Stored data
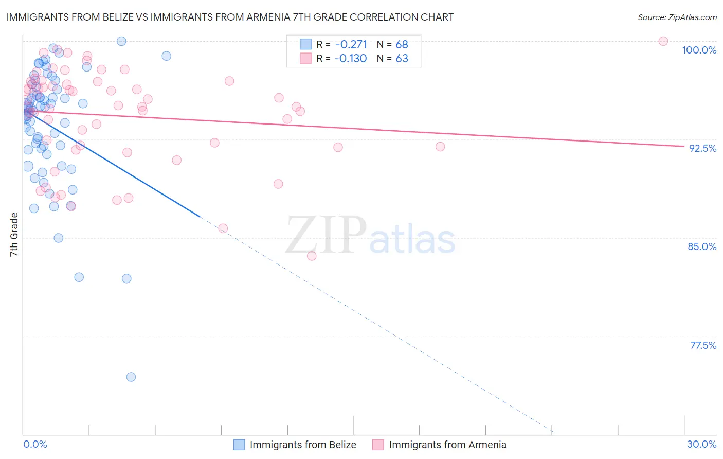 Immigrants from Belize vs Immigrants from Armenia 7th Grade Correlation Chart
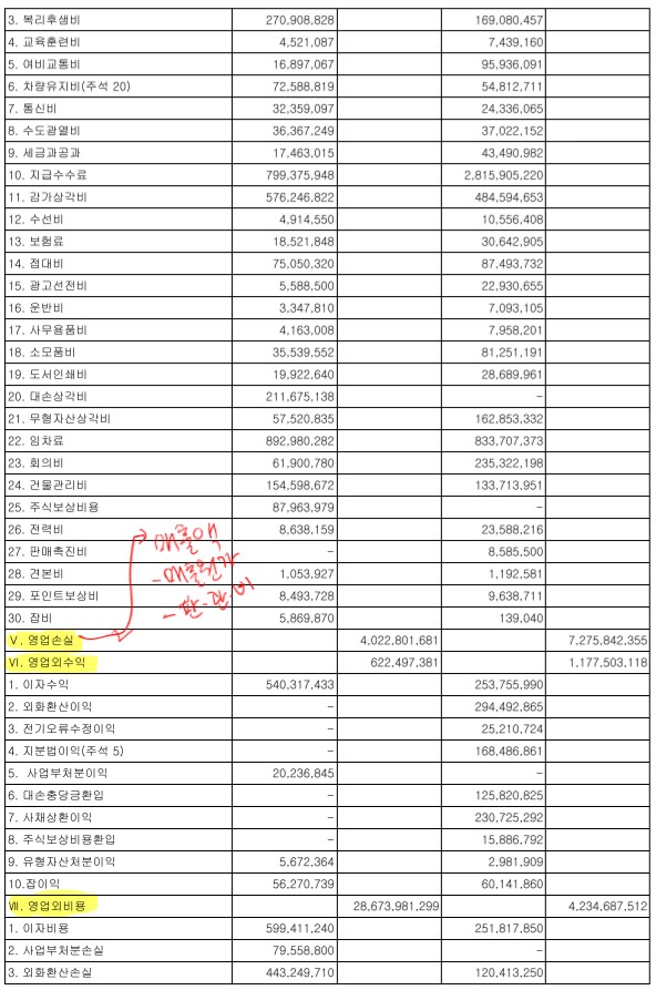 최종적으로 회사가 남긴 금액이다. 손실로 기록되어있음을 확인해보면 최종 320억의 엄청난 적자를 기록하였음을 확인가능하다.
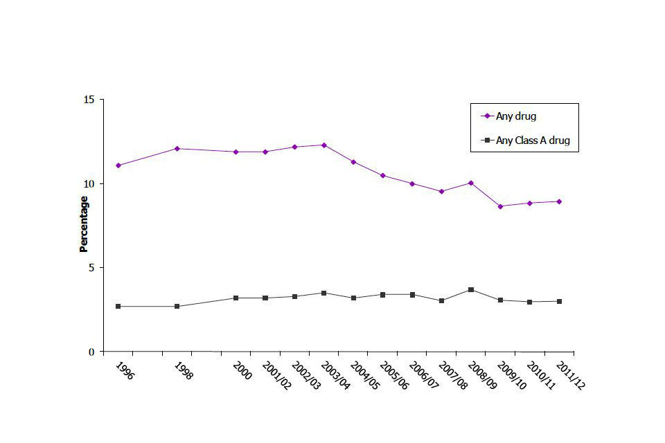 Last year Class A drug use among 16 to 24 year olds has fallen in the long term from 9.2% in 1996 to 6.3% in 2011/12 (similar to the 6.6% in 2010/11). The gradual decline is partly a result of falls in last year usage of ecstasy (from 6.6% to 3.3%) and hallucinogens (from 5.3% to 1.4%) which have been partially offset by an increase in powder cocaine use (from 1.3% to 4.2%).
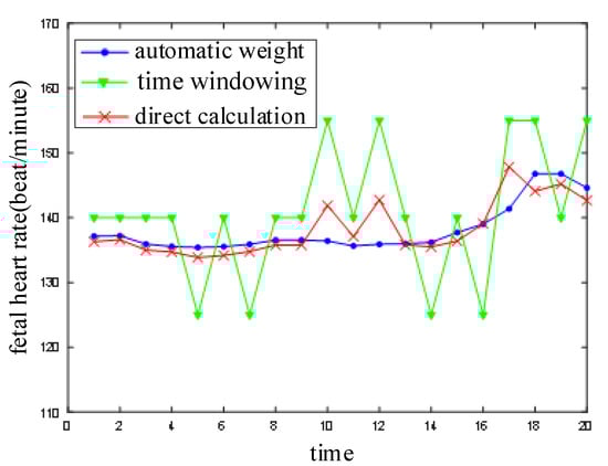 In order to homogenize the result dimensions, the average of the peak intervals in the windows was adopted when the fetal heart rate was directly calculated. It can be seen that the minimum variation of fetal heart rate is 15 with the time-domain windowing because there are 15 windows in 1 min. The effect of time-domain windowing is poor for the short time window. This may be due to that fact that three disturbances occurred in twenty data points. Both the direct calculation method and the automatic weight method performed well when the noise appeared for the first time. The influence of the noise was weakened by the average effect used in the direct calculation algorithm. However, when the noise appeared for the second time, it was not completely eliminated, although it was weakened on average. The average effects will decrease with excessive noise and over longer times. The disturbance was eliminated automatically so that the automatic weight algorithm results were more stable.
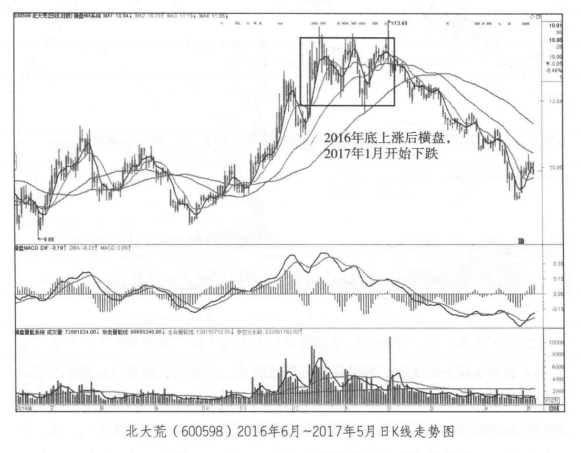 在2016年11月的上涨行情中,北大荒已经走出了一个上涨波段,在2016年12月和2017年1月展开高位横盘,最后以向下跌破盘整确认下跌趋势而告终,并没有走出在中央一号文件促动下的强势上涨。

→ **Instructions for the task**:
Return nothing but the lines running from the start of the data to the line with "최종적으로 회사가 남긴", please, both ends included and no pictures.

→ **Solution**:
 Immigrants from Belize vs Immigrants from Armenia 7th Grade Correlation Chart
 최종적으로 회사가 남긴 금액이다. 손실로 기록되어있음을 확인해보면 최종 320억의 엄청난 적자를 기록하였음을 확인가능하다.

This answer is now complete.